A typical modern CPU can execute a number of unrelated instructions (those that don't depend on the same resources) concurrently.
To do that, it typically ends up with a basic structure vaguely like this:

So, we have an instruction stream coming in on the left. We have three decoders, each of which can decode one instruction each clock cycle (but there may be limitations, so complex instructions all have to pass through one decoder, and the other two decoders can only do simple instructions).
From there, the instructions pass into a reorder buffer, which keeps a "scoreboard" of which resources are used by each instruction, and which resources are affected that instruction (where a "resource" would typically be something like a CPU register or a flag in the flags register).
The circuitry then compares those scoreboards to determine dependencies. For example, if one instruction writes to register 0, and a later one reads from register 0, then those instructions must execute serially. At each clock, it tries to find the N oldest instructions that don't have dependencies for execution.

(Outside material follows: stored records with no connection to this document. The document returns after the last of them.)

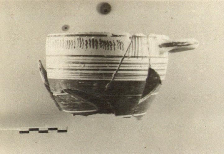 | Description: | Bottom, one handle, fragments of rim and wall missing. Lower body glazed black, with two narrow reserved bands; then irregular glazed bands to handle zone. In handle zone, between horizontal bands, vertical bands beside handles; front and back, vertical zigzags. Inside, black glaze, the edge of the lip reserved on one side, not the other. Glaze dull. Imitation of Proto-Corinthian. | |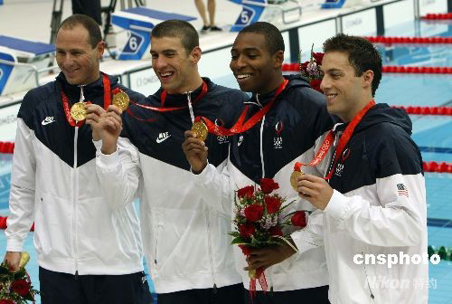 8月11日,美国队夺得北京奥运会男子4x100米自由泳接力金牌,并打破该项目世界纪录。 中新社发 杜洋 摄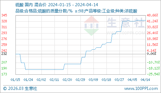 04月14日硫酸331.25元/噸 20天上漲10.88%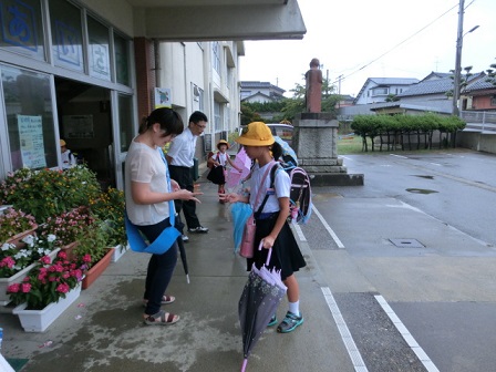1と15はあいさつの日です。企画委員会の児童が、信号のところであいさつ運動を行いました。地区の方や保護者の方々も出て下さり、有り難かったです。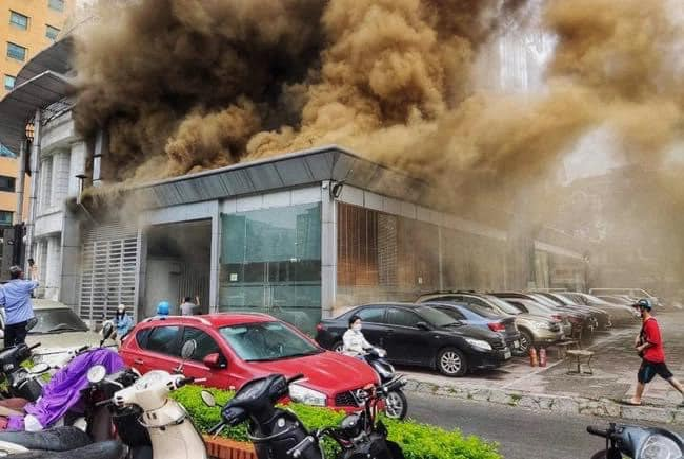 Vụ cháy xảy ra tại nhà hàng thuộc toà nhà Vicostone 167 Hoàng Ngân (Hà Nội). Khói bốc lên cao trăm mét khiến người dân hoảng loạn.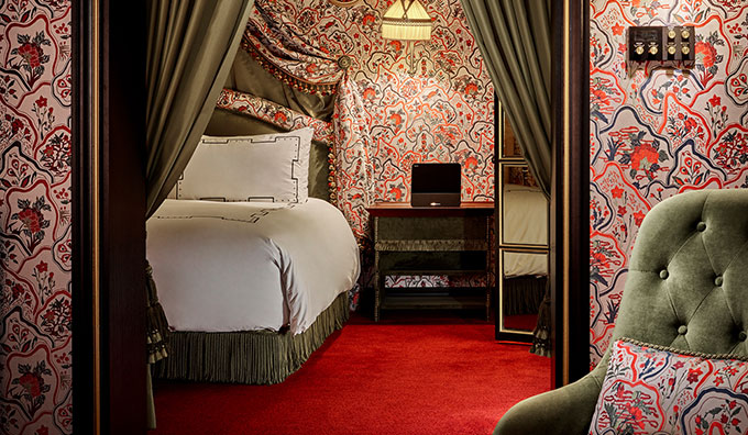 비밀스러운 공간으로 들어가는 듯, 드러나지 않지만 골목 안에 위치한 호텔 입구와 19세기 벨 에포크풍의 화려한 공간은 지루한 일상으로부터의 완벽한 단절과 몰입감 있는 비일상의 순간을 선사합니다.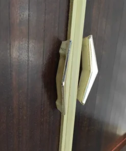 Il mobile si apre scorrendo i due sportelli verso destra e sinistra. Ruotando la parte interna fuori esce un contenitore di bottiglie con uno specchio.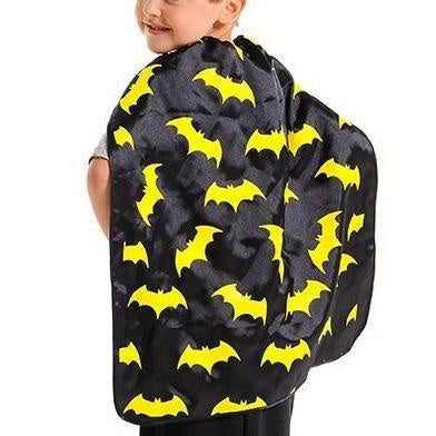 Our spooky Bat cape will sure to delight your little one. made with quality satin with a comfortable Velcro fastening  This cape is printed with bats flying all over it. Great for batman fans or Halloween. One size perfect for ages 2+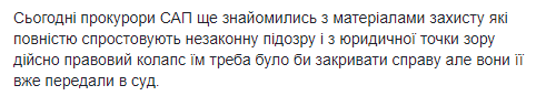 "Сегодня прокуроры САП еще знакомились с материалами защиты, которые полностью опровергают незаконное подозрение и с юридической точки зрения действительно правовой коллапс им надо было бы закрывать дело но они ее уже передали в суд", - пишет Насиров (пунктуация сохранена как у автора, - Прим.Ред.).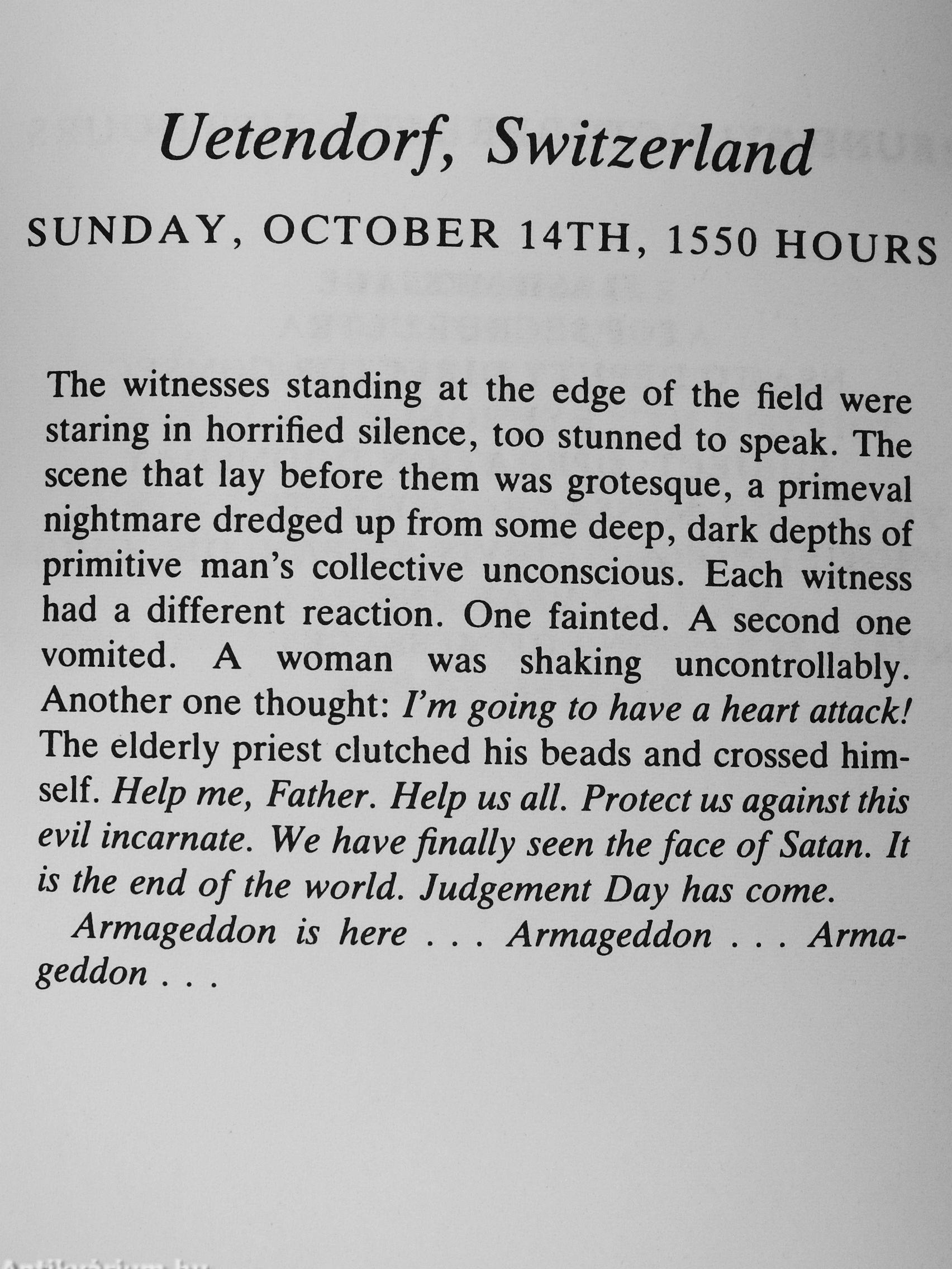 'The witnesses standing at the edge of the field were staring in horrified silence, too stunned to speak. The scene that lay before them was grotesque, a primeval nightmare '

There are then a number of independent execution units. Each of these is basically a "pure" function--it takes some inputs, carries out a specified transformation on it, and produces an output. This makes it easy to replicate them as needed, and have as many running in parallel as we want/can afford. Those are typically grouped, with one port going to each group. In each clock, we can send one instruction through that port to one of the execution units in that group. Once an instruction arrives at the execution unit, it may take more than one clock to finish execution.
Once those execute, we have a set of retirement units that take the results, and write them back to the registers in execution order. Again we have multiple units so we can retire multiple instructions per clock.
Note: this drawing tries to be semi-realistic about the rough number of decoders, retirement units, and ports that it depicts, but what it shows is a general idea--different CPUs will have more or fewer specific resources. For almost any of them, the number of decoded instructions in the scoreboard units is low though--a realistic number would be more like 50 instructions.
In any case, actual execution of instructions is one of the hardest parts of this to measure or reason about. The number of ports gives us a hard upper limit on the number of instructions that can start executing in any given clock. The number of decoders and retirement units give an upper limit on the number of instructions that can be started/finished per clock. The execution itself...well, there are a lot of execution units, and each one (at least potentially) takes a different number of clocks to execute an instruction.
With the design as shown above, you'd have a hard upper limit of three instructions per clock. That's the most you can decode or retire. With a different design, that could obviously go up or down (e.g., with 4 decoders, 4 ports and 4 retirement units, the upper limit could go up to 4).
Realistically, with that design you wouldn't normally expect to see three instructions execute in most clock cycles. There are enough dependencies between instructions that you'd probably expect closer to 2 as a long term average (and much more likely a little less than 2). Increasing the available resources (more decoders, more retirement units, etc.) will rarely help that a whole lot--you might get to an average of three instructions per clock, but hoping for four is probably unrealistic.